Two intestinal epithelial cell lines, IEC-6 and Caco-2, were seeded onto 3-microm filters in a Transwell bicameral system and grown until tight junction integrity was established. Cells were subjected to hypoxia in a sealed chamber with 95% nitrogen and 5% carbon dioxide and incubated at 37 degrees C for 60 or 90 minutes. Reoxygenation was initiated by replacing the media and putting the cells in an environment of room air plus 5% carbon dioxide. Permeability and bacterial translocation were assayed by measuring the phenol red concentration and culturing the bacteria that crossed the cell monolayer and reached the basal chamber of the bicameral system. Monolayer tight junction integrity was monitored by serial measurements of transepithelial electrical resistance (TEER), and cell viability was assessed by trypan blue dye.

RESULTS:

IEC-6 cell monolayers subjected to 60 or 90 minutes of hypoxia showed significantly higher permeability to phenol red, with 54+/-5% and 57+/-5% of the dye crossing the monolayers, respectively, compared with normoxic control (38+/-2%; p < 0.01). Caco-2 cell monolayers also had increased permeability to phenol red, with 24+/-6% and 20+/-4% of the phenol red crossing the monolayer after 60 or 90 minutes of hypoxia, respectively, compared with 8+/-3% in the normoxic controls (p < 0.01).

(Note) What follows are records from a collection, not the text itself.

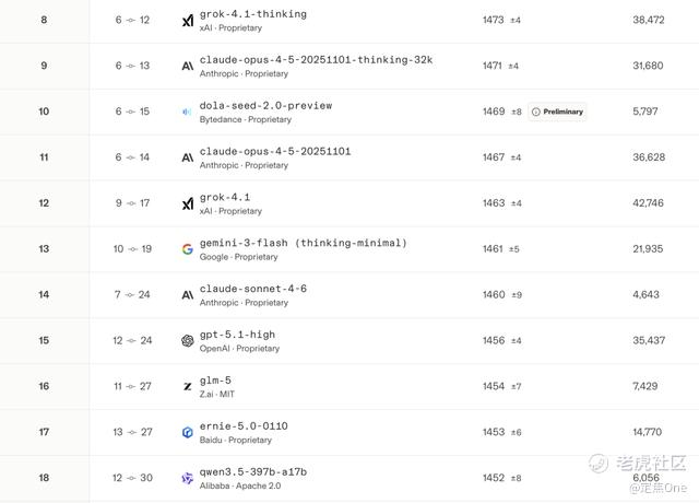 值得注意的是,阿里在去年9月发布的Qwen3-Max Preview曾一度进入该榜单的前三,与Gemini、Claude、ChatGPT等全球顶尖闭源模型比肩,但随着各家AI厂商在去年年末和今年年初更新大模型版本,Qwen从第一梯队头部持续下滑,Qwen3.5的发布并没有扭转这一势头。
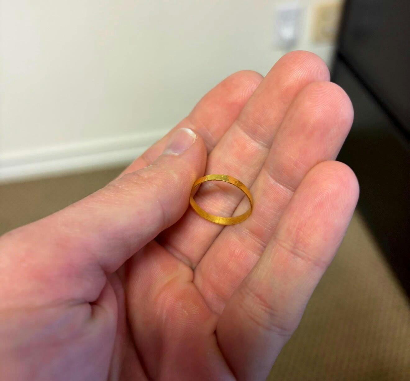 A real 24K pure gold ring, hand-forged from a single 1 gram gold bar — wearable wealth that blends minimalism with true intrinsic value.
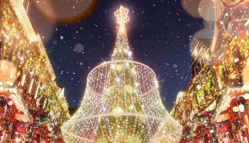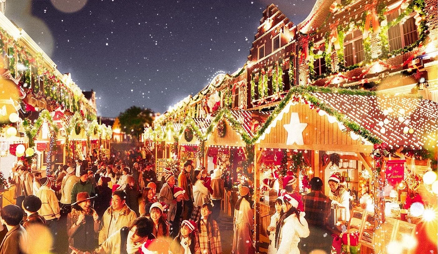 以歐式風情著名的九州遊樂園「豪斯登堡」,每年聖誕節都會舉辦冬季活動「European Holy Christmas」。2025年園內聖誕廣場矗立一座以水晶吊燈為靈感設計、全長約15公尺的巨型聖誕樹,無數燈光交錯閃爍,讓整座小鎮更加璀璨奪目。聖誕市集上則擺滿了各式聖誕商品、美食與手工藝品,還有特色聖誕紅酒,讓遊客在微醺中感受浪漫。
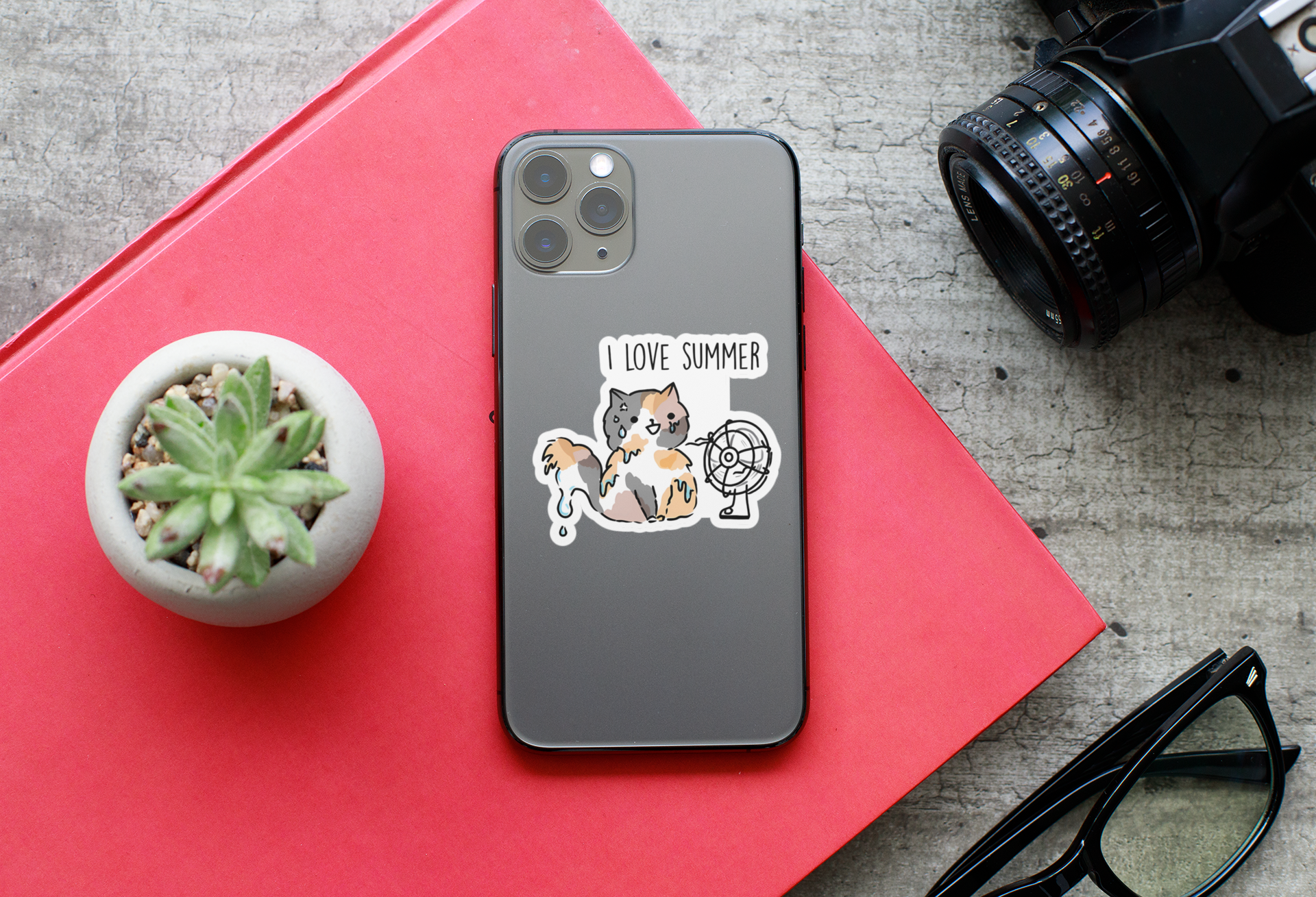 ☀️ I Love Summer Cat Sticker ☀️ 2.5" x 3"
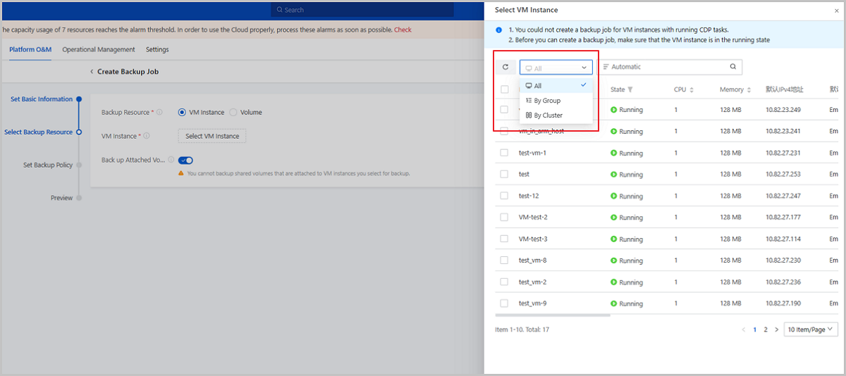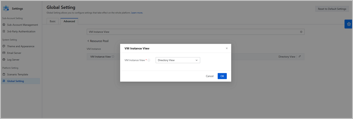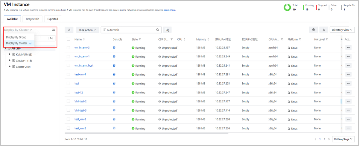 ZStack Cloud provides two method to display VM instance: List View and Directory View. A directory view can display VM instances by cluster or by group. You can specify how VM instances are displayed as needed to achieve a higher resource management efficiency.

At 3 hours after challenge with Escherichia coli, the monolayers subjected to 60 or 90 minutes of hypoxia had significantly increased bacterial translocation (IEC-6 cells, p < 0.05; Caco-2 cells, p < 0.01) compared with controls. The increased permeability of the hypoxic Caco-2 and IEC-6 monolayers was associated with a decrease in TEER beginning as early as 1 hour after reoxygenation (p < 0.01). Cell viability, however, was not decreased.

CONCLUSION:

These results indicate that hypoxia/reoxygenation can directly impair cellular function as manifested by increased monolayer permeability to phenol red, increased E. coli bacterial translocation, and a decrease in TEER values.